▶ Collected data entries
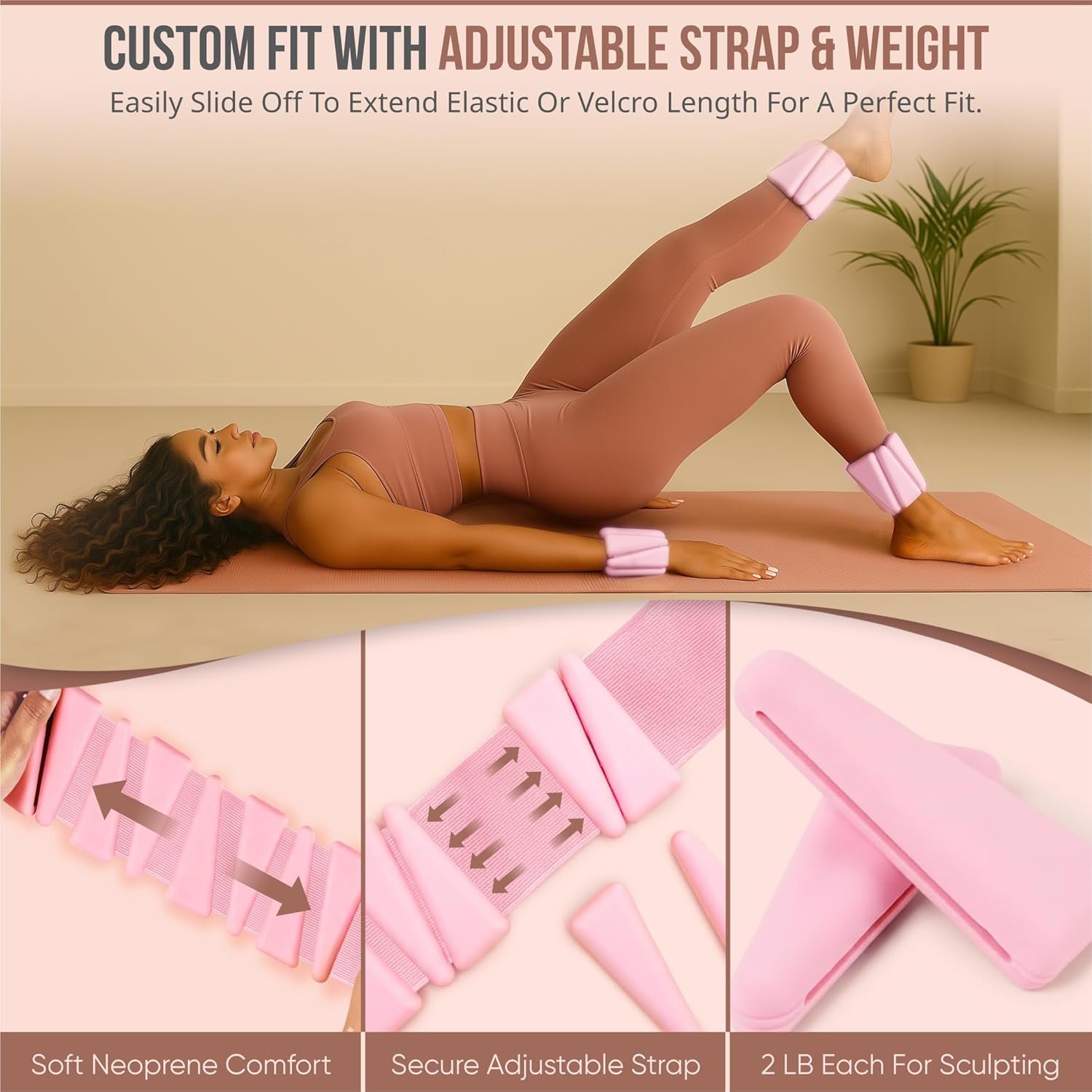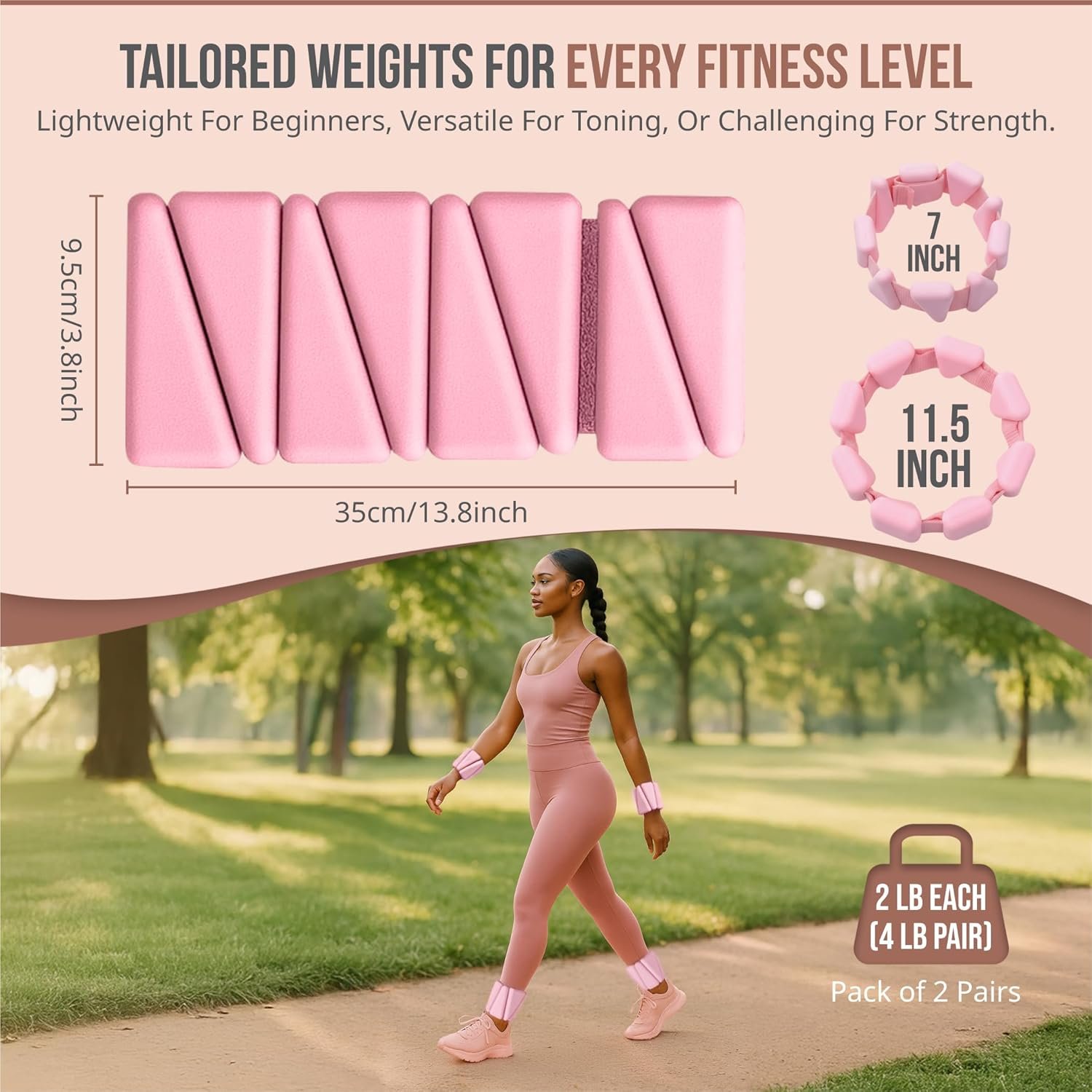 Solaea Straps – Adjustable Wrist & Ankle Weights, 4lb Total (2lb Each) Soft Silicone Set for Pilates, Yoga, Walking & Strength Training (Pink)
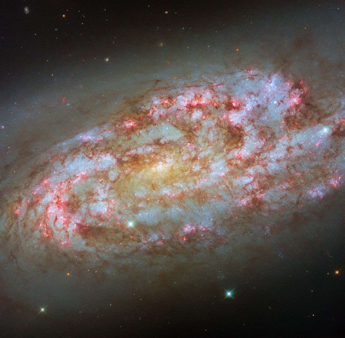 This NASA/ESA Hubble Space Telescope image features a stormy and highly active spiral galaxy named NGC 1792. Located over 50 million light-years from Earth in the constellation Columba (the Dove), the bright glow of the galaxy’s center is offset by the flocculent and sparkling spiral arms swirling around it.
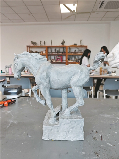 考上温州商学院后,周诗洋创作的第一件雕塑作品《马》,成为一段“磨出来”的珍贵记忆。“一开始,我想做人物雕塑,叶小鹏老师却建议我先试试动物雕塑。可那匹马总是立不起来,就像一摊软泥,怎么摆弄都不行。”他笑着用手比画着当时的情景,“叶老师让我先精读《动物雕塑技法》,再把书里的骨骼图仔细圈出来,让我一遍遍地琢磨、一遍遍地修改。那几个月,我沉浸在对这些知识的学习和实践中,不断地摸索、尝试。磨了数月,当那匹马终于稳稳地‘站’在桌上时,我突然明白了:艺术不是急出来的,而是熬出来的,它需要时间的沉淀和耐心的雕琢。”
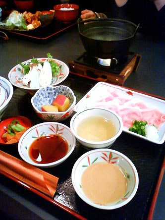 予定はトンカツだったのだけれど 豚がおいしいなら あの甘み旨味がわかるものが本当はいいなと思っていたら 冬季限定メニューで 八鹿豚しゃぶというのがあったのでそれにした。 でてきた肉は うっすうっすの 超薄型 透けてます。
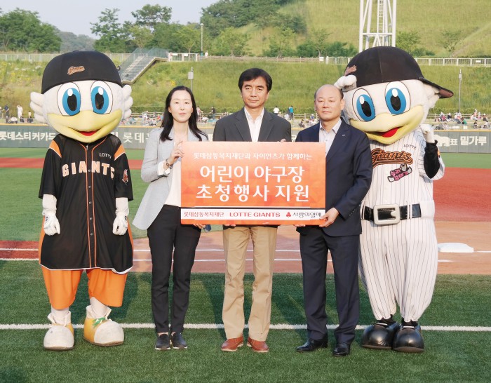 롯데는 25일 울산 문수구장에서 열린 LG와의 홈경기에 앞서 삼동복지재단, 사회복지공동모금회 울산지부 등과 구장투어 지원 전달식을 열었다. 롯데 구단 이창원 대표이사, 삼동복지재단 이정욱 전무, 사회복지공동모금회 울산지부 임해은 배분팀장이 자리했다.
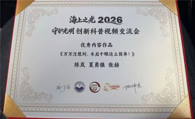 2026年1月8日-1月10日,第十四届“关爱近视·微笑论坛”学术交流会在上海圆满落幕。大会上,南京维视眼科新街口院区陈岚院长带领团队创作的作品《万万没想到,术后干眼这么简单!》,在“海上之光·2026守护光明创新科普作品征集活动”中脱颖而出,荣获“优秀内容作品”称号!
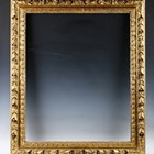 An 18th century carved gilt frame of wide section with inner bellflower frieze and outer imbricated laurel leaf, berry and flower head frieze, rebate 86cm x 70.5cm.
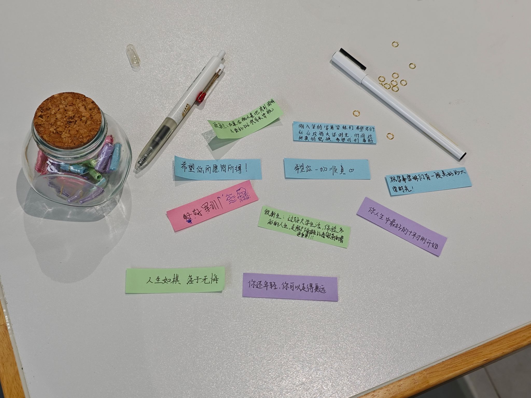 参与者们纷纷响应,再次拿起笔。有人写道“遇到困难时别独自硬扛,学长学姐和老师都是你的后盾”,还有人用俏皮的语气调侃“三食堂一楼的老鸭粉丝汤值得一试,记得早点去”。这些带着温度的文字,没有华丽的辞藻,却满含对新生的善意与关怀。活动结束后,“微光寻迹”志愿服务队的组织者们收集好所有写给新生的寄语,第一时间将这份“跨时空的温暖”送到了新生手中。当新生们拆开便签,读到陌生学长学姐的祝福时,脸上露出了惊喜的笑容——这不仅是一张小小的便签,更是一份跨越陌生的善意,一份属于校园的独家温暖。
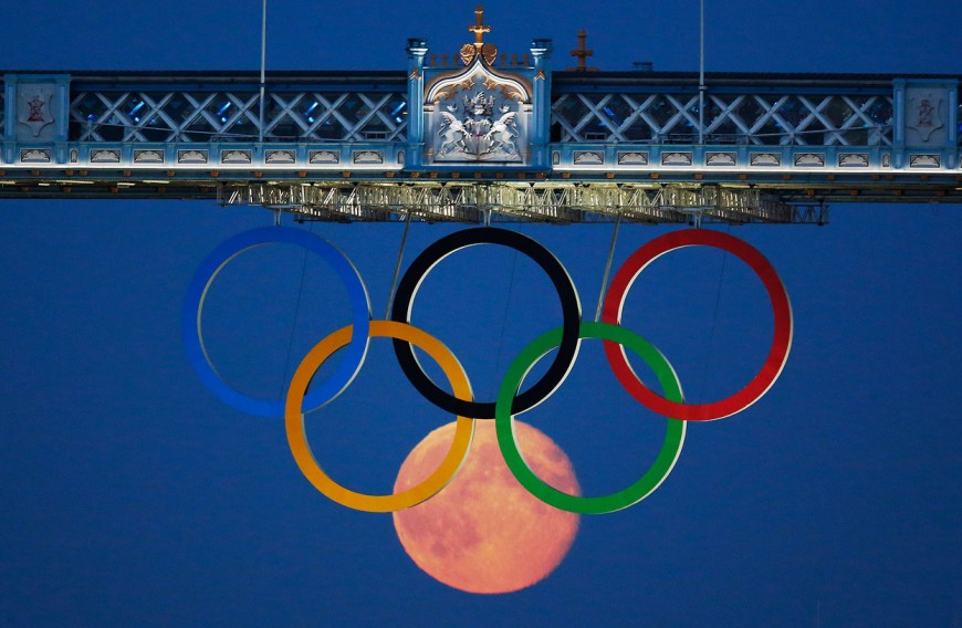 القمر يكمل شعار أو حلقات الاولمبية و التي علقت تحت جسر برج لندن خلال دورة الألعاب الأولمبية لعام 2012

▶ EXERCISE
For this exercise, retype the data above exactly and skip every image.

▶ THE ANSWER
 Solaea Straps – Adjustable Wrist & Ankle Weights, 4lb Total (2lb Each) Soft Silicone Set for Pilates, Yoga, Walking & Strength Training (Pink)
 This NASA/ESA Hubble Space Telescope image features a stormy and highly active spiral galaxy named NGC 1792. Located over 50 million light-years from Earth in the constellation Columba (the Dove), the bright glow of the galaxy’s center is offset by the flocculent and sparkling spiral arms swirling around it.
 考上温州商学院后,周诗洋创作的第一件雕塑作品《马》,成为一段“磨出来”的珍贵记忆。“一开始,我想做人物雕塑,叶小鹏老师却建议我先试试动物雕塑。可那匹马总是立不起来,就像一摊软泥,怎么摆弄都不行。”他笑着用手比画着当时的情景,“叶老师让我先精读《动物雕塑技法》,再把书里的骨骼图仔细圈出来,让我一遍遍地琢磨、一遍遍地修改。那几个月,我沉浸在对这些知识的学习和实践中,不断地摸索、尝试。磨了数月,当那匹马终于稳稳地‘站’在桌上时,我突然明白了:艺术不是急出来的,而是熬出来的,它需要时间的沉淀和耐心的雕琢。”
 予定はトンカツだったのだけれど 豚がおいしいなら あの甘み旨味がわかるものが本当はいいなと思っていたら 冬季限定メニューで 八鹿豚しゃぶというのがあったのでそれにした。 でてきた肉は うっすうっすの 超薄型 透けてます。
 롯데는 25일 울산 문수구장에서 열린 LG와의 홈경기에 앞서 삼동복지재단, 사회복지공동모금회 울산지부 등과 구장투어 지원 전달식을 열었다. 롯데 구단 이창원 대표이사, 삼동복지재단 이정욱 전무, 사회복지공동모금회 울산지부 임해은 배분팀장이 자리했다.
 2026年1月8日-1月10日,第十四届“关爱近视·微笑论坛”学术交流会在上海圆满落幕。大会上,南京维视眼科新街口院区陈岚院长带领团队创作的作品《万万没想到,术后干眼这么简单!》,在“海上之光·2026守护光明创新科普作品征集活动”中脱颖而出,荣获“优秀内容作品”称号!
 An 18th century carved gilt frame of wide section with inner bellflower frieze and outer imbricated laurel leaf, berry and flower head frieze, rebate 86cm x 70.5cm.
 参与者们纷纷响应,再次拿起笔。有人写道“遇到困难时别独自硬扛,学长学姐和老师都是你的后盾”,还有人用俏皮的语气调侃“三食堂一楼的老鸭粉丝汤值得一试,记得早点去”。这些带着温度的文字,没有华丽的辞藻,却满含对新生的善意与关怀。活动结束后,“微光寻迹”志愿服务队的组织者们收集好所有写给新生的寄语,第一时间将这份“跨时空的温暖”送到了新生手中。当新生们拆开便签,读到陌生学长学姐的祝福时,脸上露出了惊喜的笑容——这不仅是一张小小的便签,更是一份跨越陌生的善意,一份属于校园的独家温暖。
 القمر يكمل شعار أو حلقات الاولمبية و التي علقت تحت جسر برج لندن خلال دورة الألعاب الأولمبية لعام 2012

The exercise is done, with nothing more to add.